The response should repeat word for word every line below from the one with "Коробка подарочная для" to the one with "새로운 미국 크리스마스", inclusive, and nothing else; leave pictures out.
══ RECORDED INFORMATION
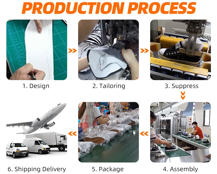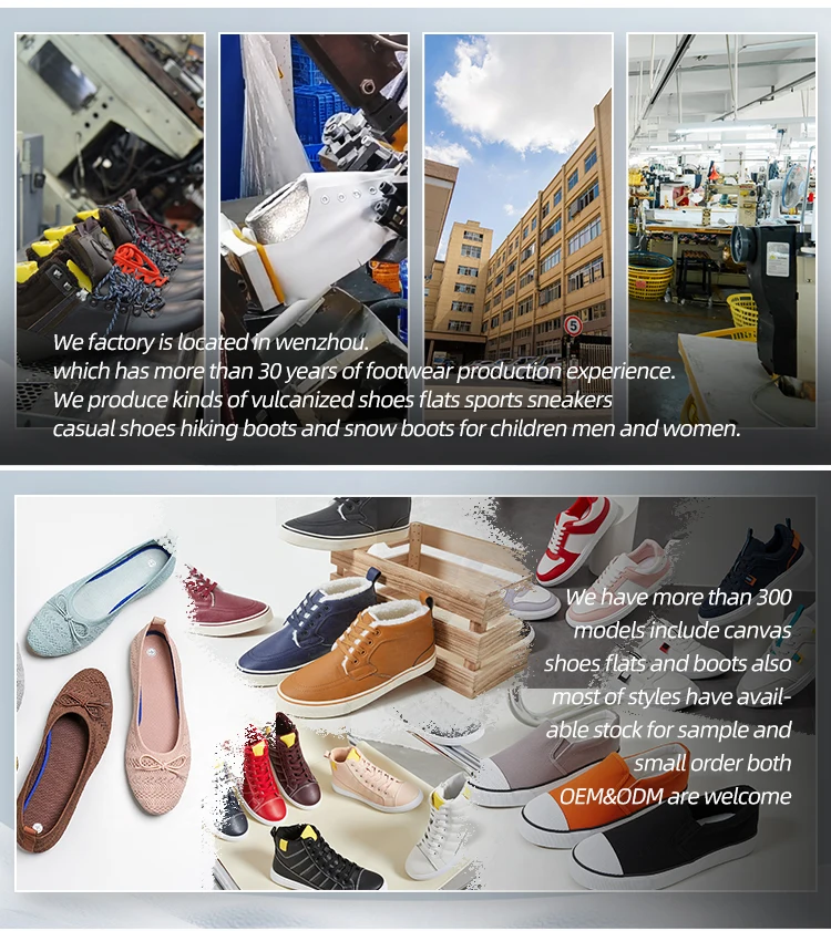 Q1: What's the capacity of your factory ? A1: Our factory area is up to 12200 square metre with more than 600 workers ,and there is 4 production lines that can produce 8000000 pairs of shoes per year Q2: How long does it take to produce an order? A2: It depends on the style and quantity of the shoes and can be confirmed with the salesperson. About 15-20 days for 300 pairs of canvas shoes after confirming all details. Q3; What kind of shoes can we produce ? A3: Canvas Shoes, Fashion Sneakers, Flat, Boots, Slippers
════
══ RECORDED INFORMATION
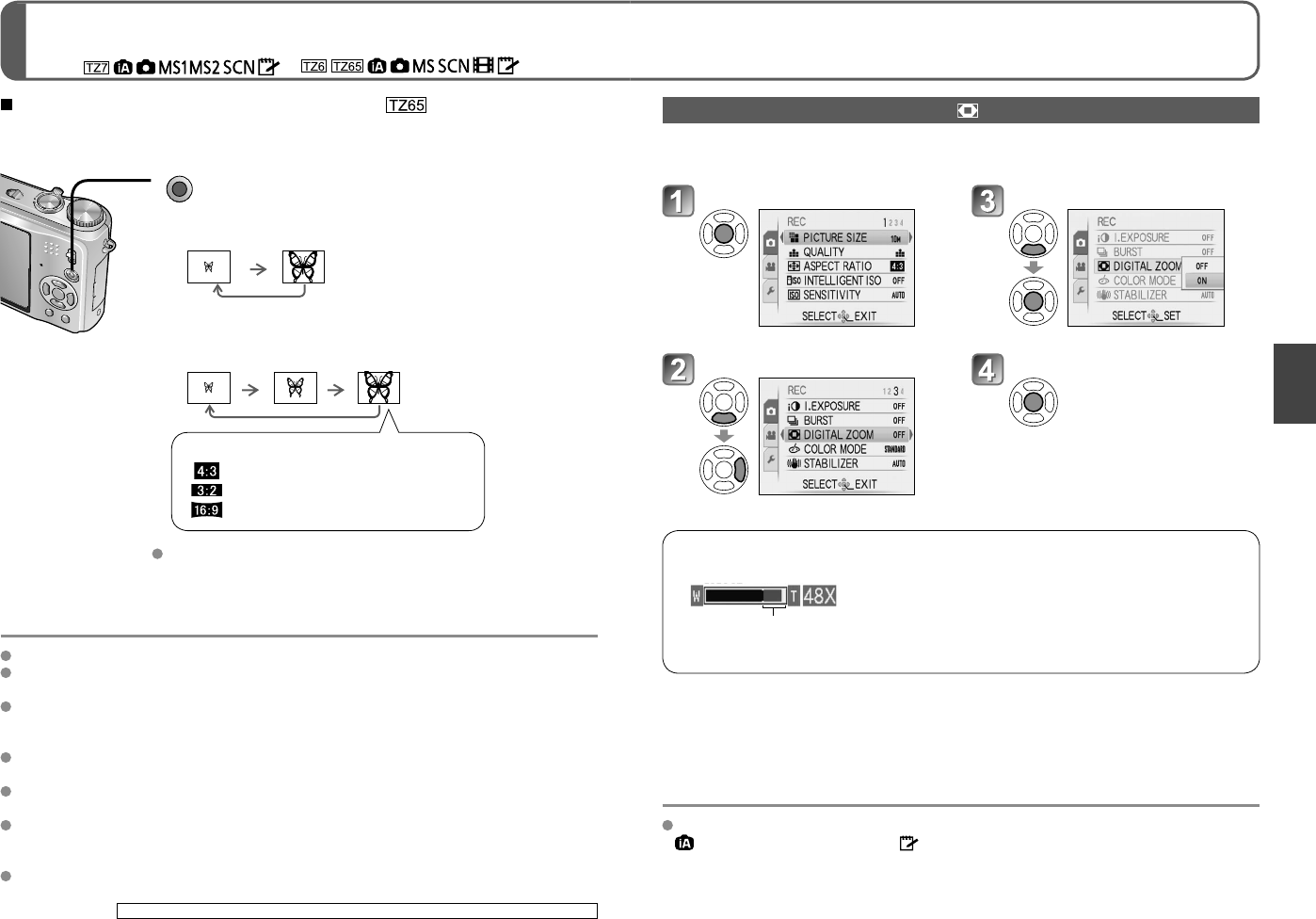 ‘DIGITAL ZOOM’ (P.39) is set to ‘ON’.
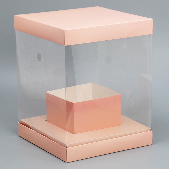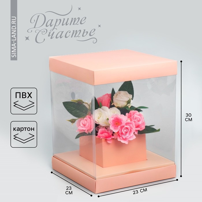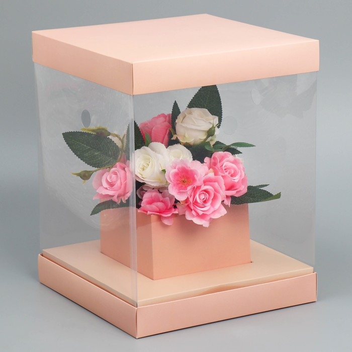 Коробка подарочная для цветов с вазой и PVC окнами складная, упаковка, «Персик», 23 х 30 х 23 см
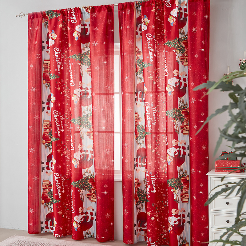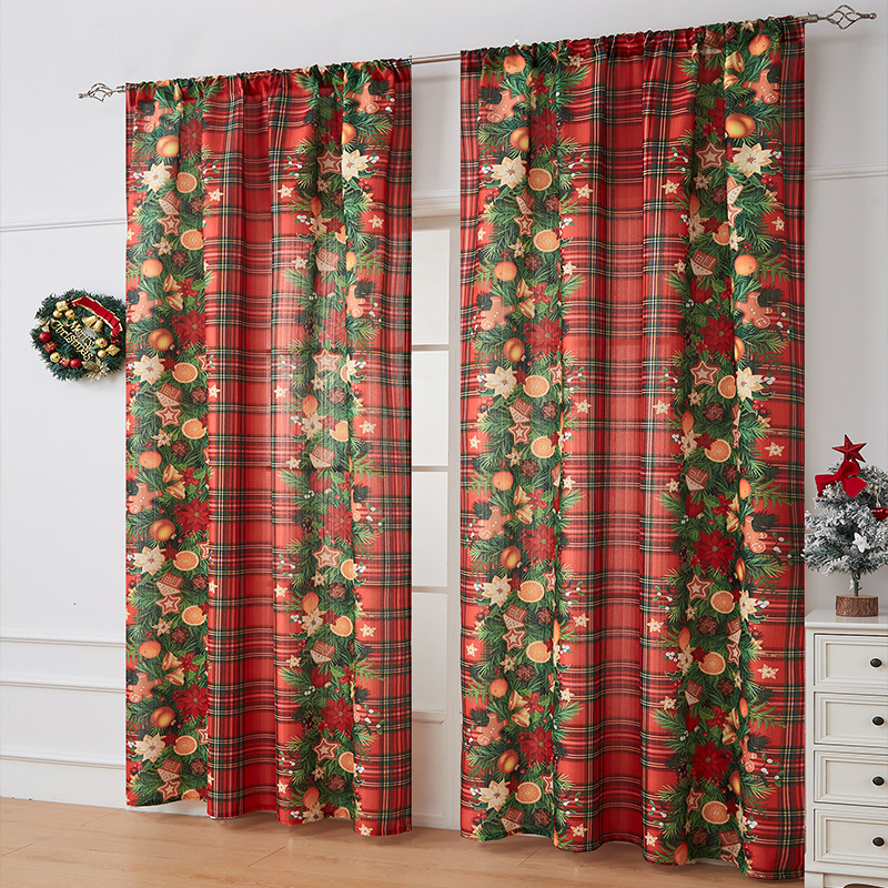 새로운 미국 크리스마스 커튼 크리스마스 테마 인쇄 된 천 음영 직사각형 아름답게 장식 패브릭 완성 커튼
════
TASK SOLUTION
 Коробка подарочная для цветов с вазой и PVC окнами складная, упаковка, «Персик», 23 х 30 х 23 см
 새로운 미국 크리스마스 커튼 크리스마스 테마 인쇄 된 천 음영 직사각형 아름답게 장식 패브릭 완성 커튼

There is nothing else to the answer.